What to produce: Nothing but the lines from the first line of the material below through the line that holds "Create a new" should be set down, exactly and with pictures left out.

=== Section Start ===

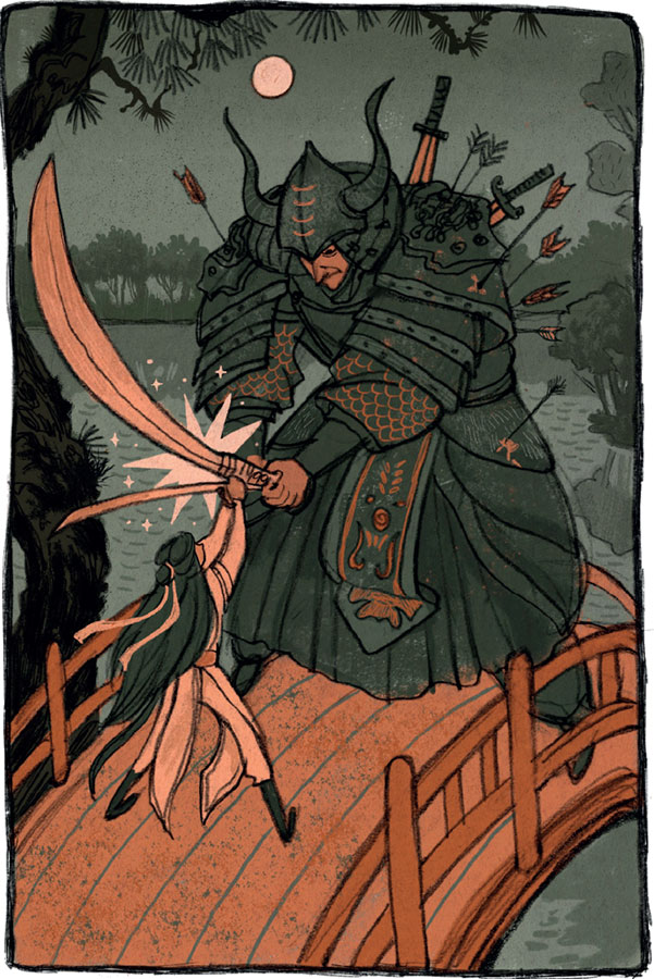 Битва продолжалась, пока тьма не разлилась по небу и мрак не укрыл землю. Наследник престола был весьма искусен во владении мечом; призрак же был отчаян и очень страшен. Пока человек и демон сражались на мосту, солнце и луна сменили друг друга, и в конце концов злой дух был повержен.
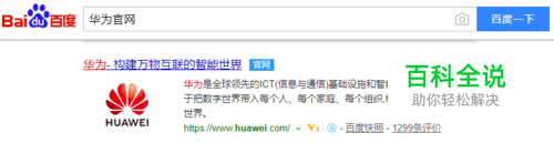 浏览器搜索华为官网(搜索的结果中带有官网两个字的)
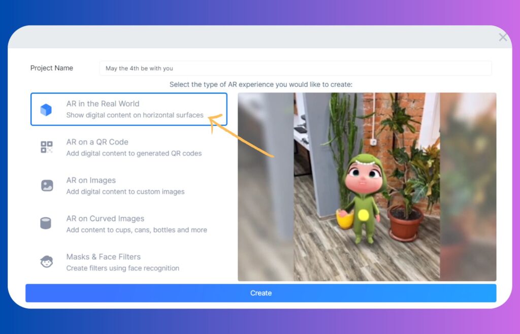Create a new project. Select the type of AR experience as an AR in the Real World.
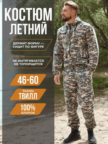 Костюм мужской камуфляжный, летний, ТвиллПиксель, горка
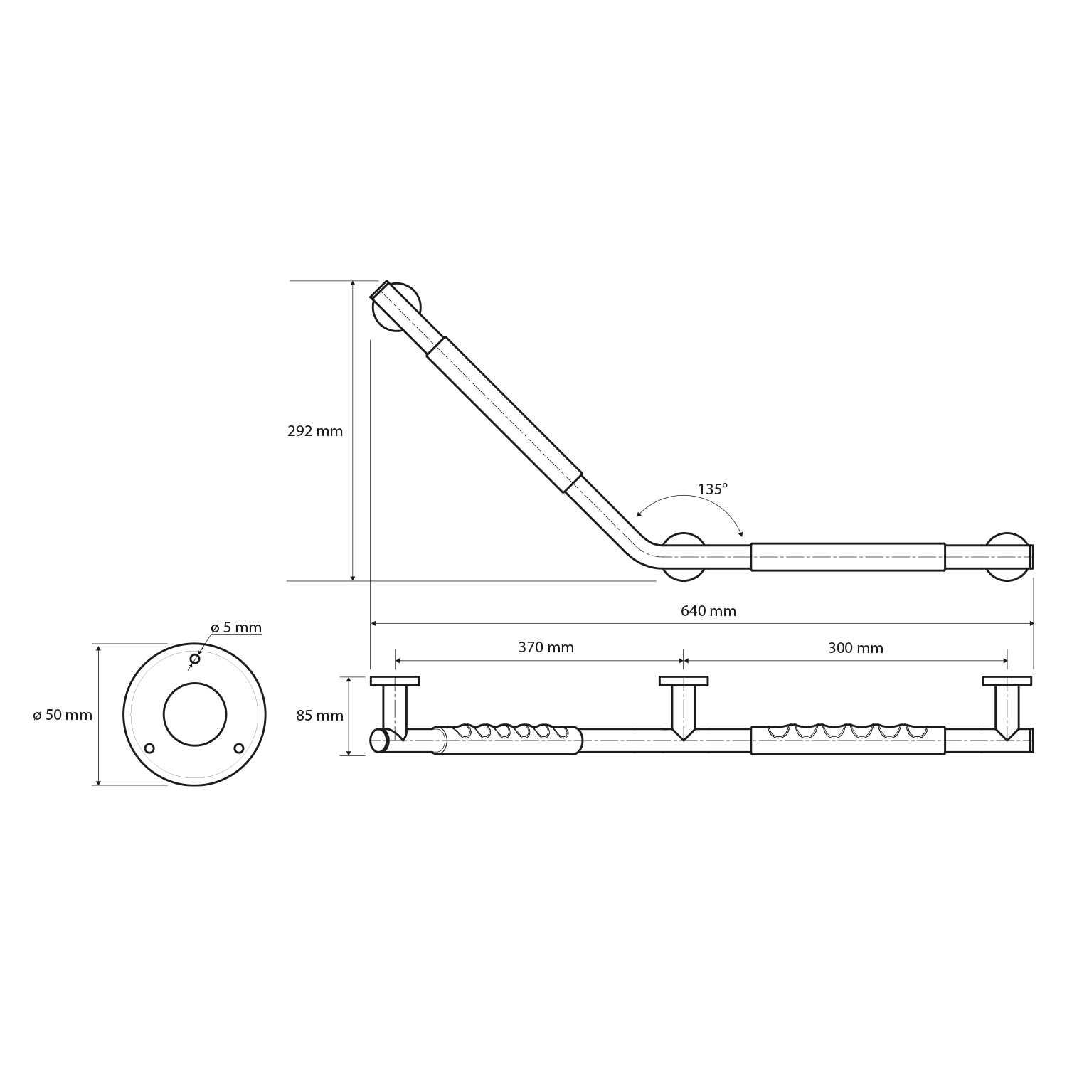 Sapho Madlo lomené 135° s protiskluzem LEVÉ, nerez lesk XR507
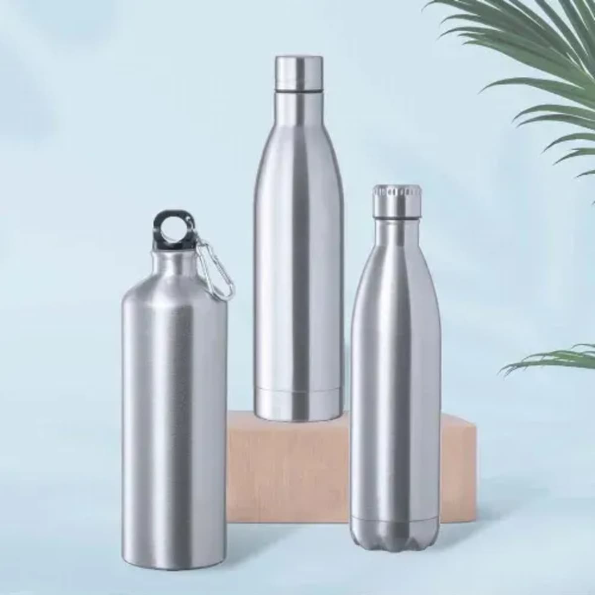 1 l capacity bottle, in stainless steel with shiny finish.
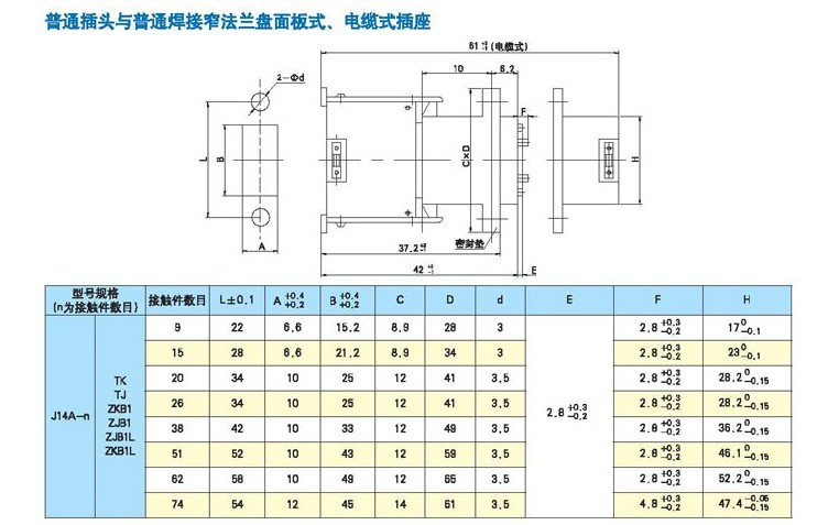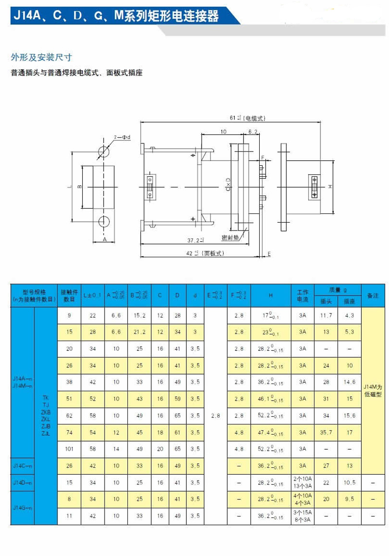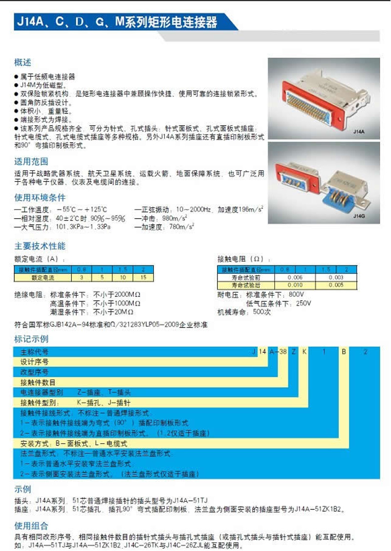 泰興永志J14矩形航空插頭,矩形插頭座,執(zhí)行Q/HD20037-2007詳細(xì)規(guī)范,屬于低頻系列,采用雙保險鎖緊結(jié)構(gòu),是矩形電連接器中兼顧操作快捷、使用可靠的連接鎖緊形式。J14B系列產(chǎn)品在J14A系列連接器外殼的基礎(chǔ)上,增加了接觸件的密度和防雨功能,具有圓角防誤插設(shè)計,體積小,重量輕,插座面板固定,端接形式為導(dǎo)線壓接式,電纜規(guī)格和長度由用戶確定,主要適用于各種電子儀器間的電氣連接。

=== Section End ===

Written response:
 Битва продолжалась, пока тьма не разлилась по небу и мрак не укрыл землю. Наследник престола был весьма искусен во владении мечом; призрак же был отчаян и очень страшен. Пока человек и демон сражались на мосту, солнце и луна сменили друг друга, и в конце концов злой дух был повержен.
 浏览器搜索华为官网(搜索的结果中带有官网两个字的)
Create a new project. Select the type of AR experience as an AR in the Real World.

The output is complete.